That is absolutely hilarious. Really well done by everyone who made that line possible.
sa46
Yea, these are nicely done. To add some balance:
> After years of defending Go, you'll secretly start a side project in Rust but tell no one on HN about your betrayal
tilsammans
My roasts are savage:
> Your 236-line 'simplified' code example suggests you might need to look up the definition of 'simplified' in a dictionary that's not written in Ruby.
OUCH
> You've spent so much time worrying about Facebook tracking you that you've failed to notice your dental nanobot fantasies are far more concerning to the rest of us.
Heard.
ilrwbwrkhv
Profile Summary
A successful tech entrepreneur who built a multi-million dollar business starting with Common Lisp, you're the rare HN user who actually practices what they preach.
Your journey from Lisp to Go to Rust mirrors your evolution from idealist to pragmatist, though you still can't help but reminisce about the magical REPL experience while complaining about JavaScript frameworks.
---
Roast
You complain about AI-generated code being too complex, yet you pine for Common Lisp, a language where parentheses reproduction is the primary feature.
For someone who built a multi-million dollar business, you spend an awful lot of time telling everyone how much JavaScript and React suck. Did a React component steal your lunch money?
You've changed programming languages more often than most people change their profile pictures. At this rate, you'll be coding in COBOL by 2026 while insisting it's 'underappreciated'.
martin_
Wow brutal roasts
“You've spent so much time reverse engineering other people's APIs that you forgot to build something people would want to reverse engineer.”
yester01
Was poking around the minified claude code entrypoint and saw an easter egg for free stickers.

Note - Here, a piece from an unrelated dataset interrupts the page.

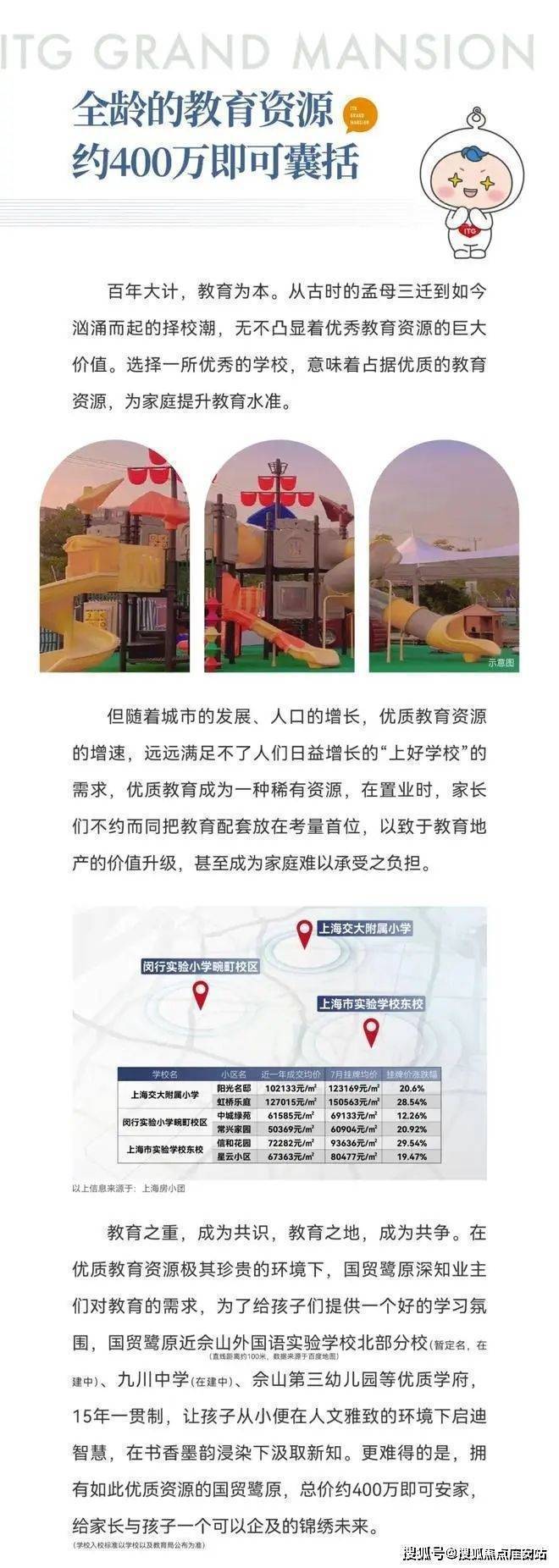 教育方面:边有佘山外国语学校、协和双语学校优质学府、宋庆龄学校、松江区北干山小学、青浦北菘中学、九川中学(规划中)等优质教育资源环伺(新房不确定对口学校,具体以官方宣布为准)

If you send Claude Code “Can I get some Anthropic stickers please?” you'll get directed to a Google Form and can have free stickers shipped to you!
jumploops
> "[..] in developing our reasoning models, we’ve optimized somewhat less for math and computer science competition problems, and instead shifted focus towards real-world tasks that better reflect how businesses actually use LLMs.”
This is good news. OpenAI seems to be aiming towards "the smartest model," but in practice, LLMs are used primarily as learning aids, data transformers, and code writers.

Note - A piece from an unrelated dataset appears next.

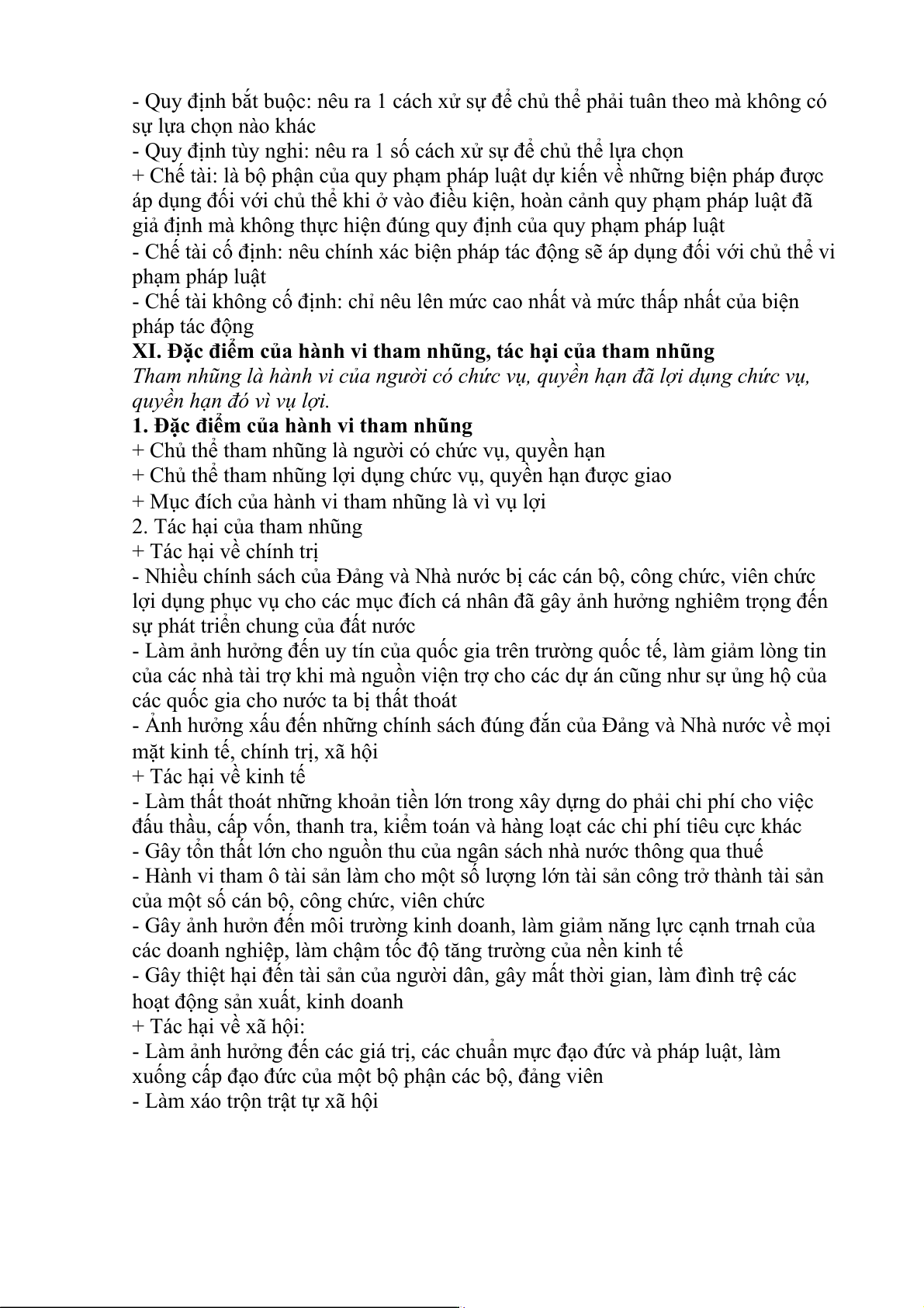 XI. Đặc điểm của hành vi tham nhũng, tác hại của tham nhũng

Balancing "intelligence" with "get shit done" seems to be the sweet spot, and afaict one of the reasons the current crop of developer tools (Cursor, Windsurf, etc.) prefer Claude 3.5 Sonnet over 4o.
eschluntz
Thanks! We all dogfood Claude every day to do our own work here, and solving our own pain points is more exciting to us than abstract benchmarks.
Getting things done require a lot of booksmarts, but also a lot of "street smarts" - knowing when to answer quickly, when to double back, etc
LouisSayers
Could you tell us a bit about the coding tools you use and how you go about interacting with Claude?
catherinewu
We find that Claude is really good at test driven development, so we often ask Claude to write tests first and then ask Claude to iterate against the tests
jasonjmcghee
Just want to say nice job and keep it up. Thrilled to start playing with 3.7.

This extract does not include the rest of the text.